“Too Big to Fail” has become a part of our national
consciousness. Absent from the TBTF narrative is the story of the modernization
and the end of the “Food Stamp” as we have known it.
One of the largest financial institutions and federal
bailout recipients in our country, JPMorgan Chase, is currently responsible for
the doling out of welfare to the United States population. When did this
happen? And why?
The Electronic Benefits Transfer (EBT) idea was part of the
1990s’ welfare reform, and the USDA was tasked with removing Food Stamps from
circulation. Many veterans of the Food Stamp Program will attest to the
embarrassing nature of the Food Stamp itself. A friend once told me that when
he pulled them out of his pocket in line at the grocery store, it was as if the
whole world went into “slow motion.”
However, saving social welfare recipients from embarrassment
was not the goal when creating the EBT system. It was designed primarily to
reduce costs and fraud, such as the huge problem of the illegal sale of stamps.

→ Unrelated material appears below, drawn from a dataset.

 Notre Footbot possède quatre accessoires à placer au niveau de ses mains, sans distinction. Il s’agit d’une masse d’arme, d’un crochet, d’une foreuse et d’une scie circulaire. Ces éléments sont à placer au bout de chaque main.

EBT allows welfare beneficiaries to swipe their card at almost all Point of
Sale terminals (the terminals in grocery stores). This allows all transactions
to occur digitally in the same way a debit card is linked to a checking
account. Money spent is deducted from a family’s total benefit and participants
can check their balance using a toll free number. While not perfect, EBT has
prevented fraud by printing the head of the household’s name clearly on the
card and when coupled with a Photo ID, makes it harder to play the system. Most
state EBT programs also issue cash assistance, unemployment benefits, and
Women, Infants and Children assistance through EBT cards.

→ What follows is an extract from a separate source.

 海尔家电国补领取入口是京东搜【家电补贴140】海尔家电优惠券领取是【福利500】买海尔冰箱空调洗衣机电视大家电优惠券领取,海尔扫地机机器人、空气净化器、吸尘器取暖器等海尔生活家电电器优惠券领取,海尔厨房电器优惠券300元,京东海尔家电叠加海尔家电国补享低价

Today, 99 percent of all welfare transactions are made using
Point of Sale terminals. More than 9.3 percent of the population receives money
from the Supplemental Nutrition Assistance Program (SNAP, AKA Food Stamps) through
these cards.
States are given discretion in choosing their EBT service
provider. In almost every case, this provider is a private corporation (Indiana
very recently ditched IBM in favor of state control of modernization
functions). According to the USDA website, 28 out of the 50 states have EBT
programs being run by JPMorgan Chase Electronic Financial Services (EFS). The
remainder of these state EBT systems are mostly split between two other
companies, Affiliated Computer Services and e-Funds, recently acquired by
Fidelity National Information Services.
JPMorgan is by far the largest provider of services to
American citizens, providing services to the largest states like California,
Pennsylvania, New York and Florida. JPMorgan Chase inherited its EBT contracts
from Citigroup in 2003 after JPMorgan Chase bought Citicorp EFS (incidentally,
this was after Citigroup had an antitrust lawsuit filed against it in 1998 for
allegedly attempting to monopolize the EBT market).

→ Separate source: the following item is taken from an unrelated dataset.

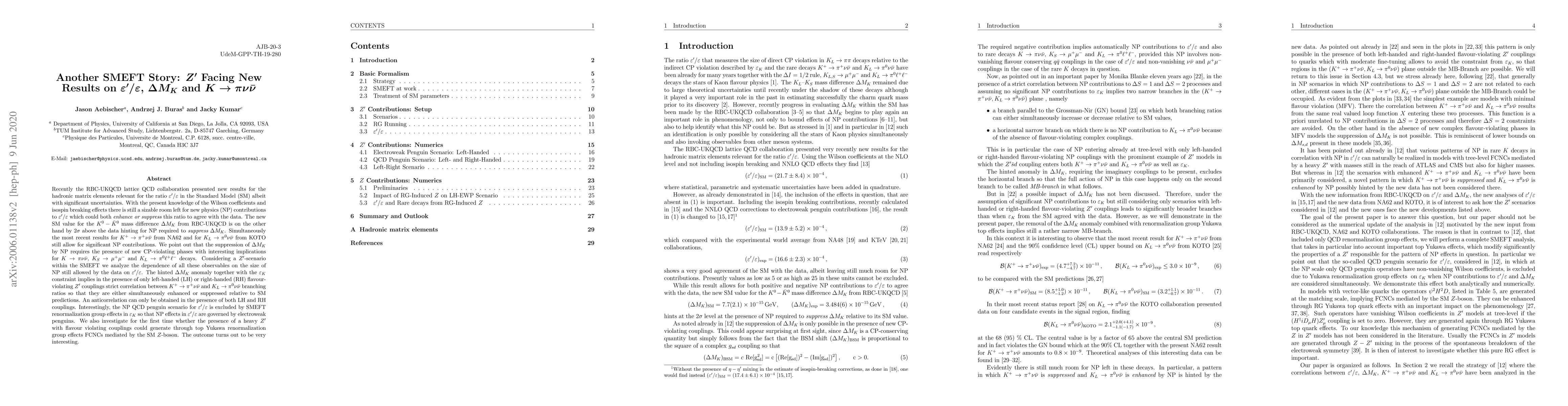 Recently the RBC-UKQCD lattice collaboration presented new results for the hadronic matrix elements relevant for the ratio $\varepsilon'/\varepsilon$ in the Standard Model (SM). With the present knowledge of the Wilson coefficients and isospin breaking effects there is still much room for new physics (NP) contributions to $\varepsilon'/\varepsilon$ which could both enhance or suppress this ratio to agree with the data. The new SM value for the $K^0-\bar K^0$ mass difference $\Delta M_K$ from RBC-UKQCD is on the other hand by $2\sigma$ above the data hinting for NP required to suppress $\Delta M_K$. Simultaneously the most recent results for $K^+\rightarrow\pi^+\nu\bar\nu$ from NA62 and for $K_{L}\rightarrow\pi^0\nu\bar\nu$ from KOTO still allow for significant NP contributions. We point out that the suppression of $\Delta M_K$ by NP requires the presence of new CP-violating phases with interesting implications for $K\to\pi\nu\bar\nu$, $K_S\to\mu^+\mu^-$ and $K_L\to\pi^0\ell^+\ell^-$ decays. Considering a $Z^\prime$-scenario within the SMEFT we analyze the dependence of all these observables on the size of NP still allowed by the data on $\varepsilon'/\varepsilon$. The NP QCD penguin scenario for $\varepsilon'/\varepsilon$ is excluded by SMEFT renormalization group effects in $\varepsilon_K$ so that NP effects in $\varepsilon'/\varepsilon$ are governed by electroweak penguins. We also investigate for the first time whether the presence of a heavy $Z^\prime$ with flavour violating couplings could generate through top Yukawa renormalization group effects FCNCs mediated by the SM $Z$-boson. The outcome turns out to be very interesting.

A majority of states have decided that contracting with
JPMorgan EFS for EBT services is a good use of taxpayer dollars. Americans must
believe that JPMorgan Chase can accomplish this task in a more streamlined
fashion than the government. However, JPMorgan Chase’s bailout was a result of
its involvement in the toxic asset swapping that kicked-off the current
financial crisis. Regardless of JPMorgan’s speedy repayment of its $25 billion
in TARP money, the use of these institutions for the execution of basic social
services brings up many questions about this country’s choice of contractors
and its ability to sustain itself in their absence. Has our social
infrastructure become so complicated that our state governments cannot handle
basic governmental functions like feeding the poor even though electronic
banking is now ubiquitous? Is it safe to conclude that JPMorgan Chase will
never be allowed to fail, because without it, the American social safety net
would have a gaping hole in it?
Welfare, including unemployment benefits, is set to grow significantly
over the next few years. The question now is twofold: whether these
institutions were bailed out, in part, because of welfare’s growing importance,
and whether we want a massive financial institution running our welfare system?
Regardless, it is clear that institutions TBTF now put food on the table for
nearly 10 percent of Americans.
JPMorgan
is set to end most of its contracts with states in 2010 and 2011.